• [Data for this task]:
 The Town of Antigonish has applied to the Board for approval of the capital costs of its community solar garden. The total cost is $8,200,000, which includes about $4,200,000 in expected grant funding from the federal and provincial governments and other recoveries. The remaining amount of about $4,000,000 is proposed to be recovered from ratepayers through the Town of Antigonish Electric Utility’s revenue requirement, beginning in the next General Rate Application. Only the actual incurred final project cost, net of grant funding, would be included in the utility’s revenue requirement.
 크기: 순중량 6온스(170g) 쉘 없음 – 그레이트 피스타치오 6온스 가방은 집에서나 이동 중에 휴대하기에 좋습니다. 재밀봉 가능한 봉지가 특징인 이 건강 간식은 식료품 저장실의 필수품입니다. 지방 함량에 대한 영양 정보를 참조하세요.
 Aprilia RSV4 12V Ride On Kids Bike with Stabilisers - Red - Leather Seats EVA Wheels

...

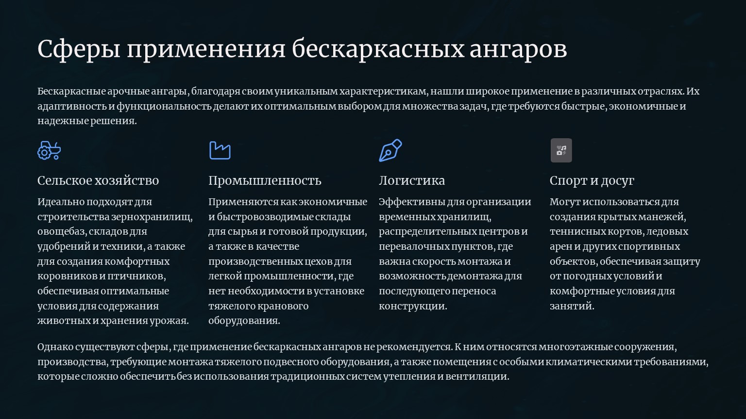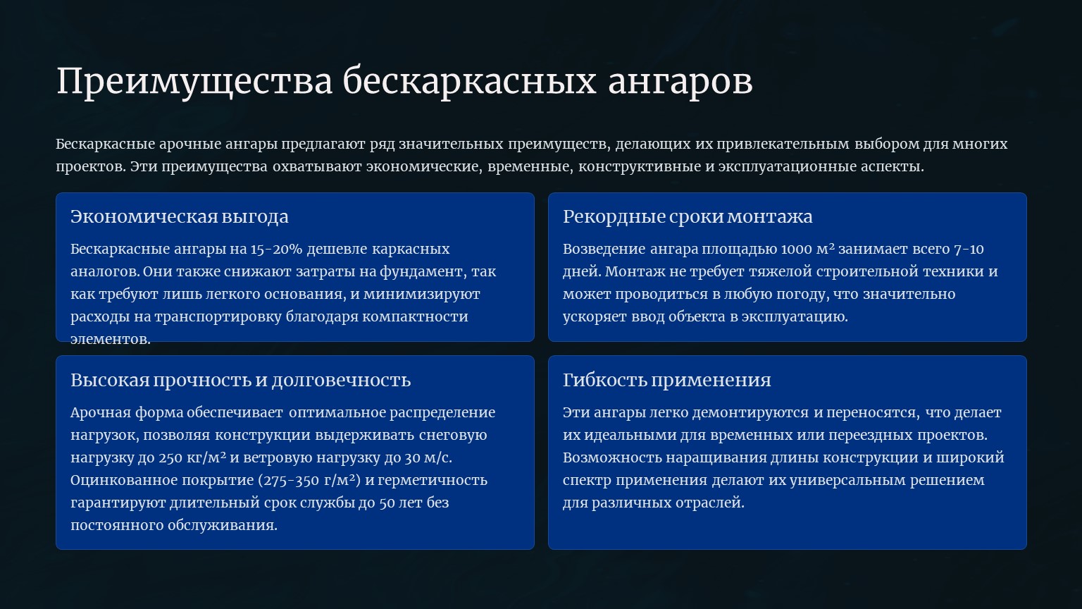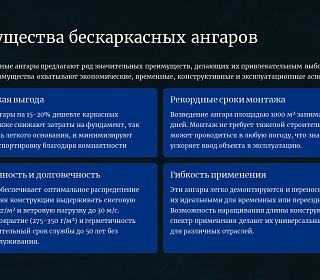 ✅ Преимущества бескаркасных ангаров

---

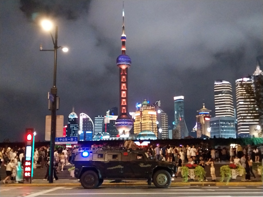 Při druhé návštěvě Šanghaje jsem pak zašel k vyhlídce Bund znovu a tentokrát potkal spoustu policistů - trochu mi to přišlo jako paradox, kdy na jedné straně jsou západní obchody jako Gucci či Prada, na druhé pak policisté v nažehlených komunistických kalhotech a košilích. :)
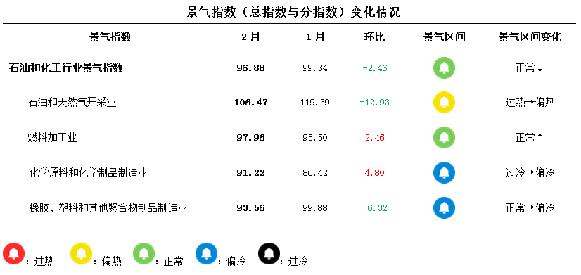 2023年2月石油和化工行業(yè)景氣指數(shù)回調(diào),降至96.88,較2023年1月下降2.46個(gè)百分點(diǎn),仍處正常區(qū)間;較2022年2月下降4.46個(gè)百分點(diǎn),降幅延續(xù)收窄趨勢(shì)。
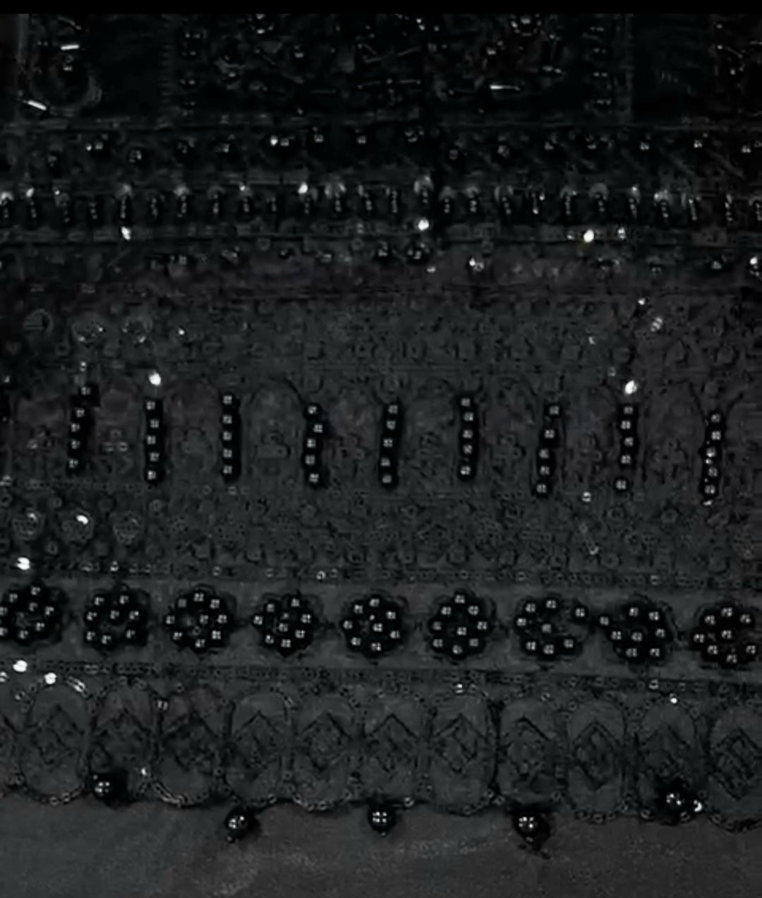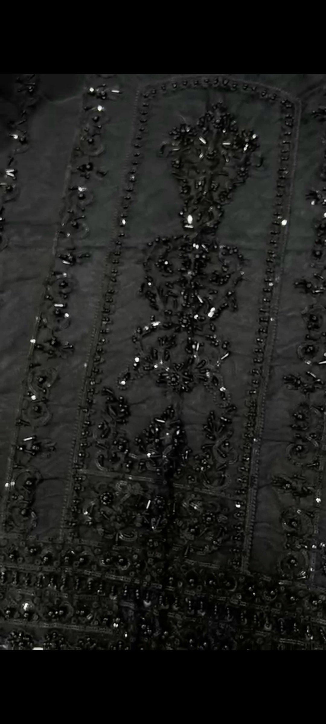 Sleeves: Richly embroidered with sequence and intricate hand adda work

• [What you need to do]:
Using the entries above, extract exactly the span from the line with "크기: 순중량 6온스(170g)" to the line with "Aprilia RSV4 12V", both lines included; leave out everything else.

• [Problem solution]:
 크기: 순중량 6온스(170g) 쉘 없음 – 그레이트 피스타치오 6온스 가방은 집에서나 이동 중에 휴대하기에 좋습니다. 재밀봉 가능한 봉지가 특징인 이 건강 간식은 식료품 저장실의 필수품입니다. 지방 함량에 대한 영양 정보를 참조하세요.
 Aprilia RSV4 12V Ride On Kids Bike with Stabilisers - Red - Leather Seats EVA Wheels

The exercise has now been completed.